Provided data Start Marker

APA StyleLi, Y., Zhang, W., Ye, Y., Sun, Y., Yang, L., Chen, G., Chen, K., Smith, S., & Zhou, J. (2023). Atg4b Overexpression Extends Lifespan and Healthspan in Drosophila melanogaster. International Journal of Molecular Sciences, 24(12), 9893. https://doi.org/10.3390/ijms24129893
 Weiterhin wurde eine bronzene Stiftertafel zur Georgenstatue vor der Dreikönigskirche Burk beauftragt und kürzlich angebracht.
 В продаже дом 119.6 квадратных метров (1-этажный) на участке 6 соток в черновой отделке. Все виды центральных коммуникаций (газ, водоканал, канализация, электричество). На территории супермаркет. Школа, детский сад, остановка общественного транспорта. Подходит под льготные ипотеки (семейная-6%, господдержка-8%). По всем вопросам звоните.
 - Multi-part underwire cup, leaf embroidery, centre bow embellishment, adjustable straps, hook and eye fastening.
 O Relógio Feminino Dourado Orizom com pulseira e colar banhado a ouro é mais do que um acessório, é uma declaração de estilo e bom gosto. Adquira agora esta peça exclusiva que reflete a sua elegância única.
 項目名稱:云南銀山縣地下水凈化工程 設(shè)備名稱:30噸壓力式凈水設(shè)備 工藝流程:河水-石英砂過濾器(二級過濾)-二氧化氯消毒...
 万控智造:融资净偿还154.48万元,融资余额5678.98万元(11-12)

Provided data End Marker
Provided data Start Marker

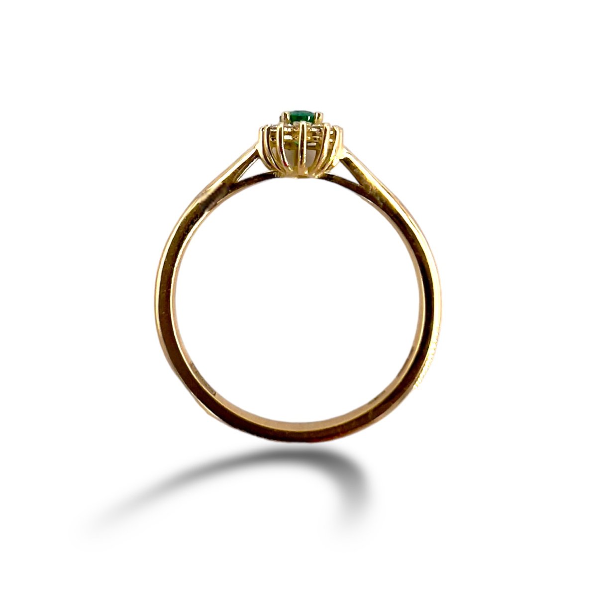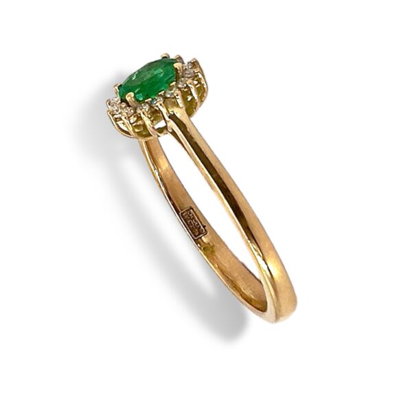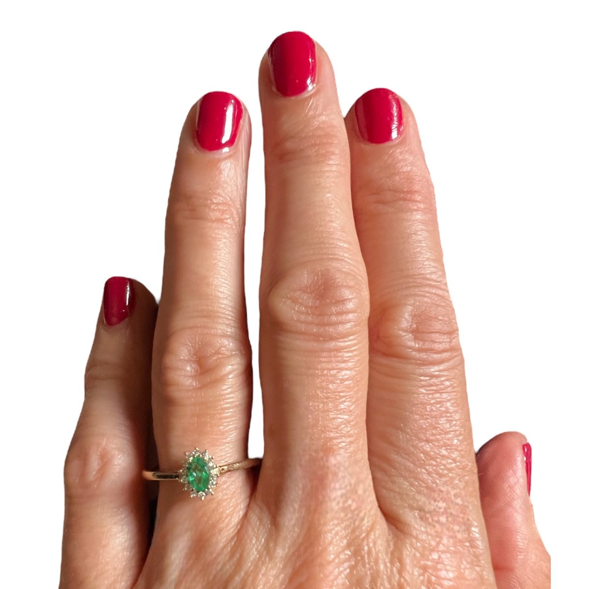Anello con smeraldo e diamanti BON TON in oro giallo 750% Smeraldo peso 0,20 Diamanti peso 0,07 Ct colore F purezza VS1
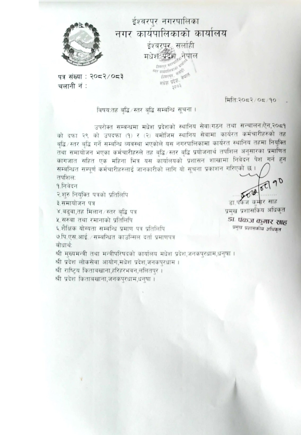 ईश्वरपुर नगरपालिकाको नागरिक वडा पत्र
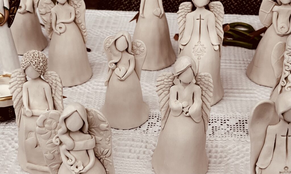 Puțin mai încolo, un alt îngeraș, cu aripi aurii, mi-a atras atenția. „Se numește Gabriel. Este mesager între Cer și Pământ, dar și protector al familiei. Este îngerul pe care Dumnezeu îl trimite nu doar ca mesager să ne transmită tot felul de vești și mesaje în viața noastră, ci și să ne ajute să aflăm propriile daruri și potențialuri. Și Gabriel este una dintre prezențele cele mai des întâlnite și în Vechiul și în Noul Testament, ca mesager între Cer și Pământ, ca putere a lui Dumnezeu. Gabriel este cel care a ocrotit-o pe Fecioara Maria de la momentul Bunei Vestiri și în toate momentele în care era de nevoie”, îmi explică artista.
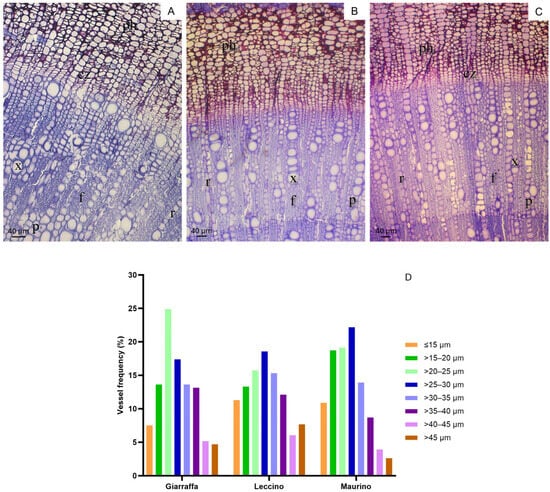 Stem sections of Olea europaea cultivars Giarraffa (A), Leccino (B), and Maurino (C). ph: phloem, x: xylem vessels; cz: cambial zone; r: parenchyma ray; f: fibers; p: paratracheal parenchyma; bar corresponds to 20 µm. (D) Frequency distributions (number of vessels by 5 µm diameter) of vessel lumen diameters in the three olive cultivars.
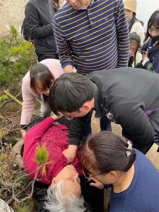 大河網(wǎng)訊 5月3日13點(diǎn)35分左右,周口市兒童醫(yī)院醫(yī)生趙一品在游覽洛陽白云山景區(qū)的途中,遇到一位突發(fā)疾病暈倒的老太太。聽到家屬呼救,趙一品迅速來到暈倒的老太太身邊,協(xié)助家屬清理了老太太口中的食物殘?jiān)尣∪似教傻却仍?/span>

Provided data End Marker

■ **Required work**
Print the part of the listing above that opens with the line containing "Anello con smeraldo" and closes with the line containing "大河網(wǎng)訊 5月3". Copy it exactly, both ends included, and omit the pictures.

■ **Response below**
Anello con smeraldo e diamanti BON TON in oro giallo 750% Smeraldo peso 0,20 Diamanti peso 0,07 Ct colore F purezza VS1
 ईश्वरपुर नगरपालिकाको नागरिक वडा पत्र
 Puțin mai încolo, un alt îngeraș, cu aripi aurii, mi-a atras atenția. „Se numește Gabriel. Este mesager între Cer și Pământ, dar și protector al familiei. Este îngerul pe care Dumnezeu îl trimite nu doar ca mesager să ne transmită tot felul de vești și mesaje în viața noastră, ci și să ne ajute să aflăm propriile daruri și potențialuri. Și Gabriel este una dintre prezențele cele mai des întâlnite și în Vechiul și în Noul Testament, ca mesager între Cer și Pământ, ca putere a lui Dumnezeu. Gabriel este cel care a ocrotit-o pe Fecioara Maria de la momentul Bunei Vestiri și în toate momentele în care era de nevoie”, îmi explică artista.
 Stem sections of Olea europaea cultivars Giarraffa (A), Leccino (B), and Maurino (C). ph: phloem, x: xylem vessels; cz: cambial zone; r: parenchyma ray; f: fibers; p: paratracheal parenchyma; bar corresponds to 20 µm. (D) Frequency distributions (number of vessels by 5 µm diameter) of vessel lumen diameters in the three olive cultivars.
 大河網(wǎng)訊 5月3日13點(diǎn)35分左右,周口市兒童醫(yī)院醫(yī)生趙一品在游覽洛陽白云山景區(qū)的途中,遇到一位突發(fā)疾病暈倒的老太太。聽到家屬呼救,趙一品迅速來到暈倒的老太太身邊,協(xié)助家屬清理了老太太口中的食物殘?jiān)尣∪似教傻却仍?/span>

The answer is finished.